1--> He claims that young Europeans and Americans have no channels for political expression. That's false; they can vote at 18 and many voted in the last elections. Learning that politicians don't always deliver the promised results is an introduction to reality in modern democracies.
2--> Second paragraph, "young people are three times more likely than adults to be unemployed." Those young people ARE adults; Mr. Farrow's phrasing could be careless, but I suspect he doesn't consider them actual adults.
3--> Paragraph 3: "Ninety percent of the world's new youth majority is in the developing world. Many have grown up, thanks to Facebook, YouTube, and Twitter..." So young people growing up in the developing world have high speed internet yet lack basic sanitation? This boggles the mind.
4--> "Young activists have dislodged repressive regimes... more nimbly than prior generations. Twenty years ago, a Polish trade union took a decade to dislodge a repressive government. In Tunisia, it took a month." Isn't the murder of Solidarity members by Stalinist goons different than a ruler peacefully leaving? 33 year ago, the Shah peacefully left Iran, butIran's theocracy isn't being dislodged by youth protests today; Mr. Farrow's entire argument is selective reasoning.
Look, I'm a Millennial myself, and I hold out high hopes for our generation. That said, we deserve a better brief than Mr. Farrow seems capable of mustering.
Now, it has come around again, friends.
How will you choose to help my generation? (And, yes, this is my generation — I am a Millennial, although on the younger end.)
Or, rather, shall you choose to hinder the youth, once more?
The choice, in the end, shall not be decided easily; there will be conflicts and disagreements and arguments over how to best help, if help you shall this new generation.
Yet, all in all, if you do choose to foster, the world can change for the better; if not, well, I dare not think of the repercussions.
The choice is in your hands, friends. Choose wisely.
If you actually understood what happened in the 50's, 60's and 70's you might have some insight into how every new generation get's co-opted and eventually inculturated into the dominant mind set. And with that understanding you might be able to do something a little different this time. I'm not holding out a lot of hope.

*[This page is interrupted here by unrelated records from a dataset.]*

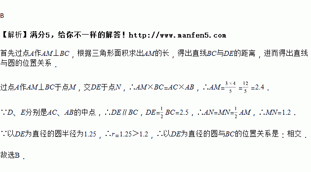 如图,△ABC中,AB=3,AC=4,BC=5,D、E分别是AC、AB的中点,则以DE为直径的圆与BC的位置关系是( )
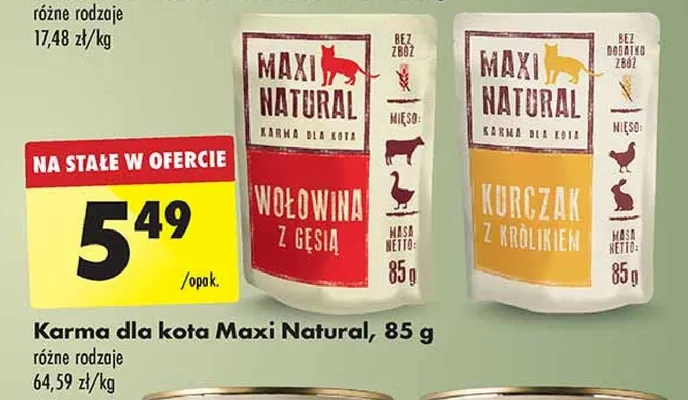 Przegl膮daj podobne oferty promocyjne do Karma dla kota wo艂owina z g臋si膮 Maxi natural!
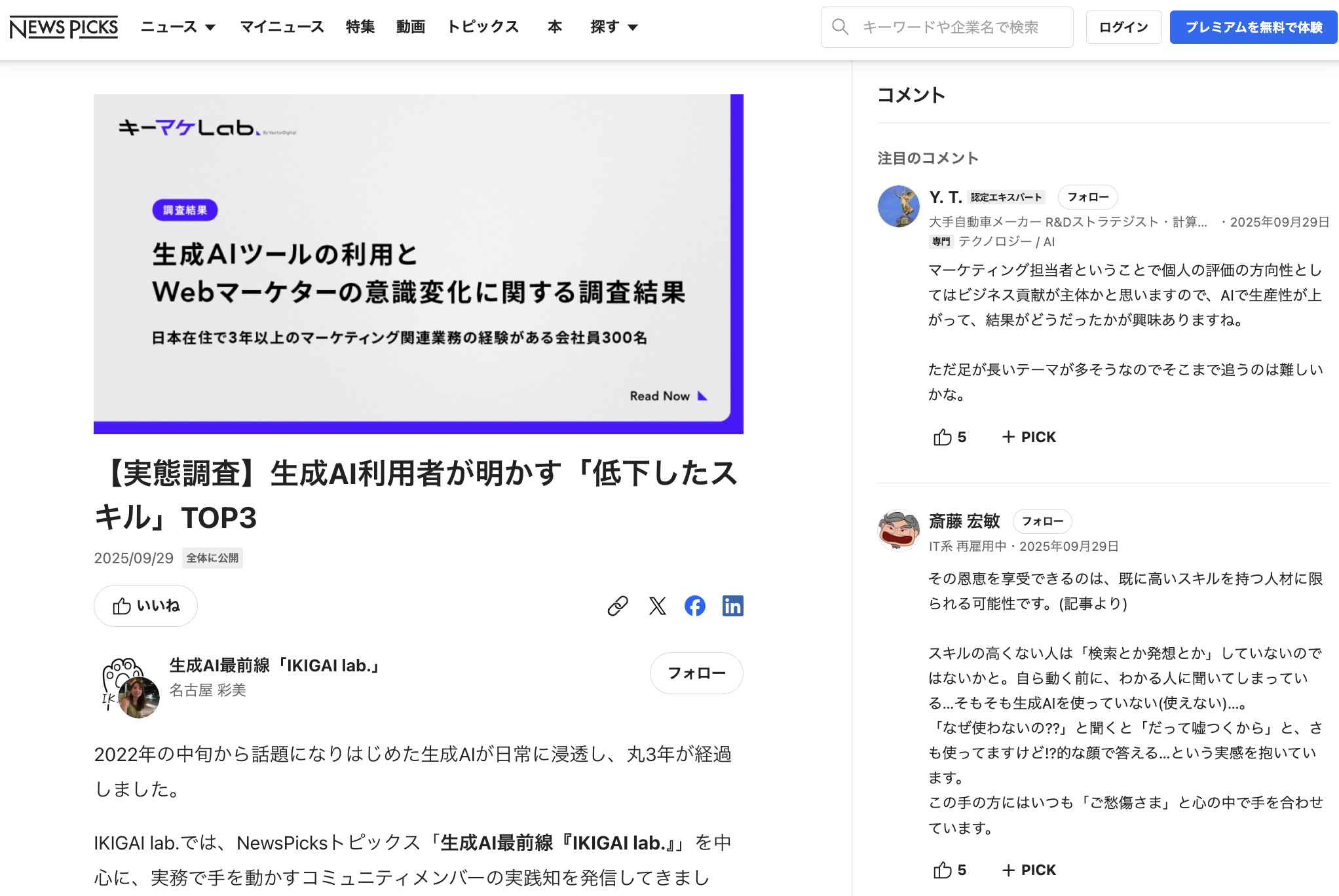 本調査が突きつけたのは、AIが私たちの能力を拡張すると同時に、私たちの弱さや怠惰さを浮き彫りにするという現実です。AIは、使う人間に思考力があればその思考を増幅させ、思考を放棄すればその人間の思考力そのものを奪っていく、恐ろしいまでに正直な鏡なのです。
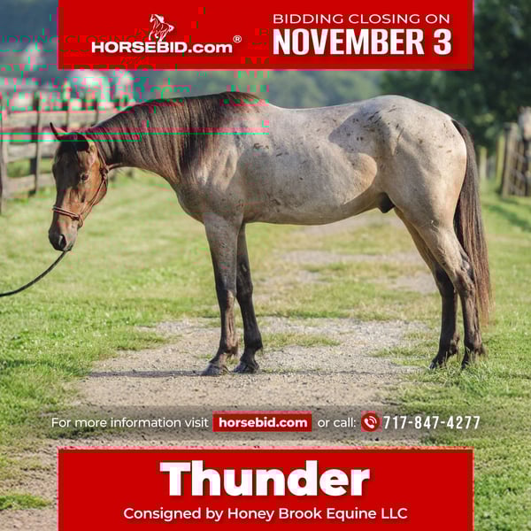 ⚜️𝐓𝐇𝐄 𝐅𝐀𝐋𝐋 𝐇𝐄𝐑𝐈𝐓𝐀𝐆𝐄 𝐂𝐋𝐀𝐒𝐒𝐈𝐂⚜️ Happening now thru MONDAY | NOVEMBER 3rd - Available EXCLUSIVELY on HorseBid's website! For more details and to register visit: www.Horsebid.com CONSIGNOR CONTACT: Honey Brook Equine LLC 717-847-4277 LOCATION: Honey Brook, PA BREED: Quarter horse/ Friesian cross REGISTERED: No COLOR: Strawberry Roan HEIGHT: 15.2 AGE: 3 GENDER: Gelding Thunder is a 3 yr old 1/2 quarter horse 1/4 Friesian 1/4 Standardbred gelding looking for his forever home,, he's got lots of personality and will look at you as his best friend, he'll meet you at the gate, and if you don't watch it he'll follow you around all day like a dog!!.. In the ring he's lot's of fun and is willing to please you, he's soft off of seat and leg cues, knows how to sidepass, and can turn on the forehand or on the haunches, which makes him very handy... he'll open and close gates and wait on you while you get it latched, he's got a balanced walk,trot and canter and is just tons of fun!! also Thunder has been introduced to obstacles and is very willing to cross whatever you point him at, he's used to flags,tarps,ropes..he will standing while you practice your roping and if you can catch,he can drag! Thunder will go English or western and also has some schooling on dressage.. Thunder is also a comfortable steady trail horse, and he'll cross creeks,logs,bridges or whatever comes in your way,he loves going exploring and he'll also lead your colt or mules along with you,, he sells 100 percent sound,, PPE welcome at buyers expense, contact us for more information..
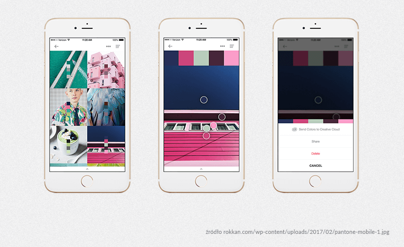 Wystarczy na telefon ściągnąć aplikację Pantone Studio (dostępna jedynie na iPhone,). Ta przemyślna apka odnajdzie wskazany na fotografii kolor w palecie Pantone oraz udostępni jego opis w przestrzeni barwnej CMYK, RGB oraz Hex. Co ciekawe, możesz zrobić zdjęcie na żywo lub wgrać do programu dowolną fotografię z pamięci smartfonu. Dodatkową funkcją Pantone Studio jest wskazanie barw, które będą dobrze wyglądać z wybranym przez nas kolorem. Ważne dla grafików jest z pewnością to, że aplikacja współdziała z oprogramowaniem Adobe i można np. wysłać wybrane przez siebie kolory bezpośrednio do biblioteki kolorów w Photoshopie.
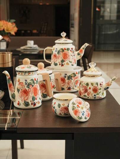 1 套珐琅玫瑰系列茶壶、储物罐、炉边茶珐琅茶壶、咖啡壶、茶叶罐、咖啡豆罐、咖啡渣罐、装饰珐琅壶和罐、送给朋友和长辈的礼物、厨房直热珐琅壶、家用珐琅糖罐、调味罐、咖啡豆罐、茶叶罐、辣椒酱罐、零食罐 回到学校 - 米色 - 查看 6
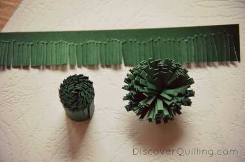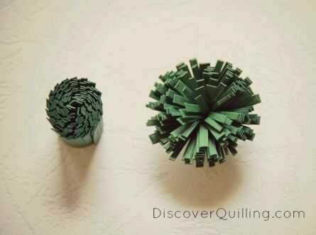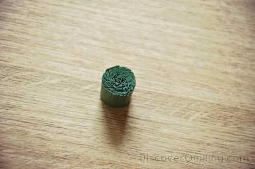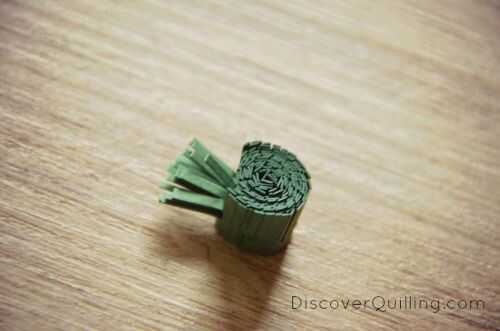 Rollo de tiras de papel como un círculo apretado usando una herramienta de ranurado o a mano.
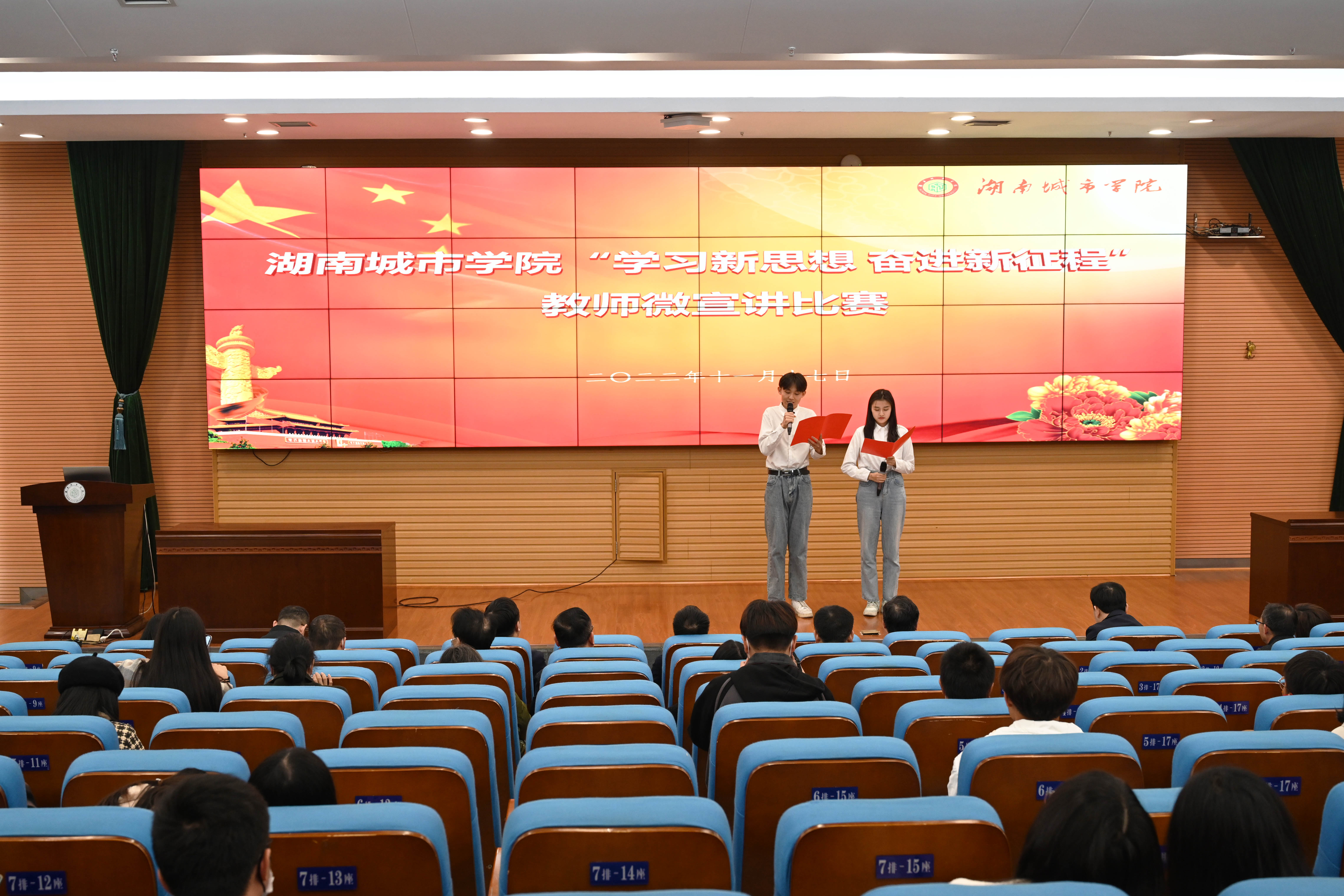 本网讯(通讯员 周文娟)“党的二十大开启了以中国式现代化全面推进中华民族伟大复兴的新征程,中国式的现代化需要现代化的人才做支撑……” 11月17日,火博电竞(中国)有限公司_官网“学习新思想,奋进新征程”教师微宣讲比赛在图书馆报告厅举行。来自各二级单位的18位参赛选手们围绕党的二十大报告,从党的二十大的历史地位与重大意义、党的二十大精神等方面,用“小故事”诠释“大道理”,将党的创新理论送到师生的心坎上。党委副书记何旭娟,副校长袁志成,党委委员、组织部部长吕贤军出席。
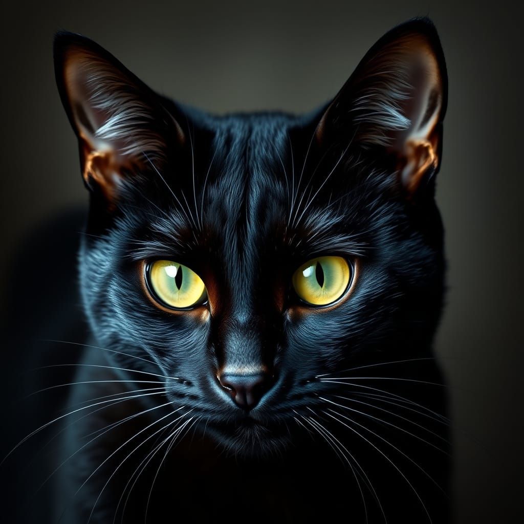 This image shows a photorealistic portrait of a sleek black cat with bright green eyes, set against a subtle background, with a focus on realistic textures and moody lighting.
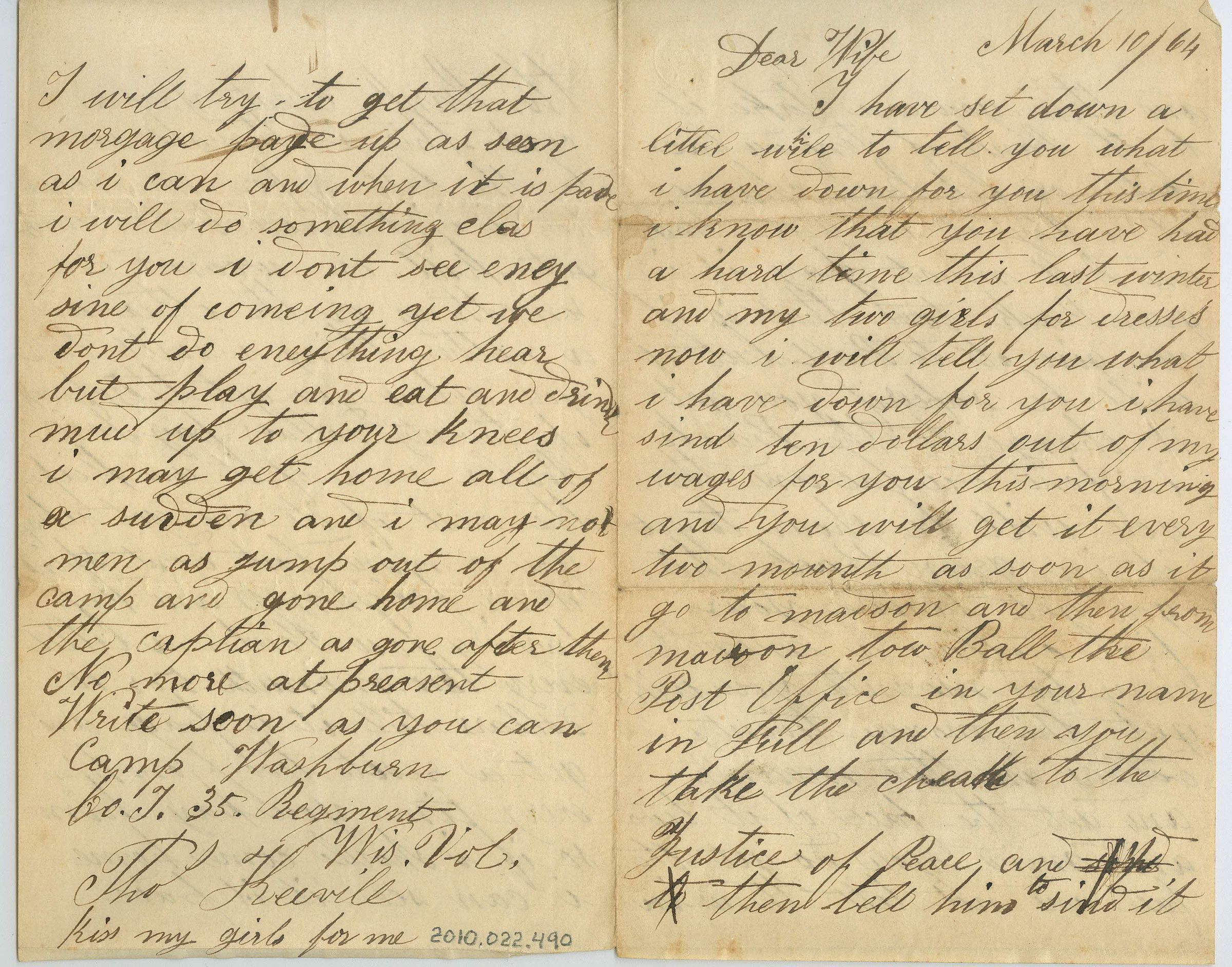 Single sheet of paper folded in half to create four pages of correspondence. The paper is a cream color. The letter is addressed "Dear Wife, March 10 /64" and is signed "Tho Keevill, Kiss my girls for me". It talks a lot about a check she is supposed to cash and what to do with the "green back".Collection
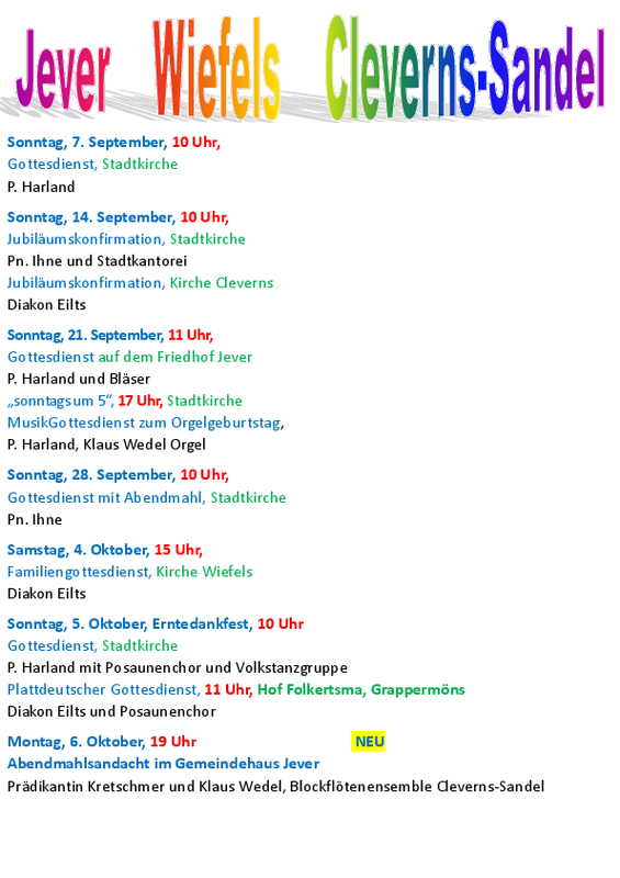 Gottesdienste im September/Oktober 2025 in Jever-Wiefels-Cleverns-Sandel

The problem with youth is that you are too easily distracted with all the bells and whistle (money, food, sex and social relations) that life waves in front of you, you inevitable end up doing the same old stuff everyone else did in all the generations before yours. I believe it's only after you've done all that stuff and understood something about it, that you gain the wisdom needed to creat really effective and substantive change. So you might want to be paying attention to some older and wiser people, if you can find them.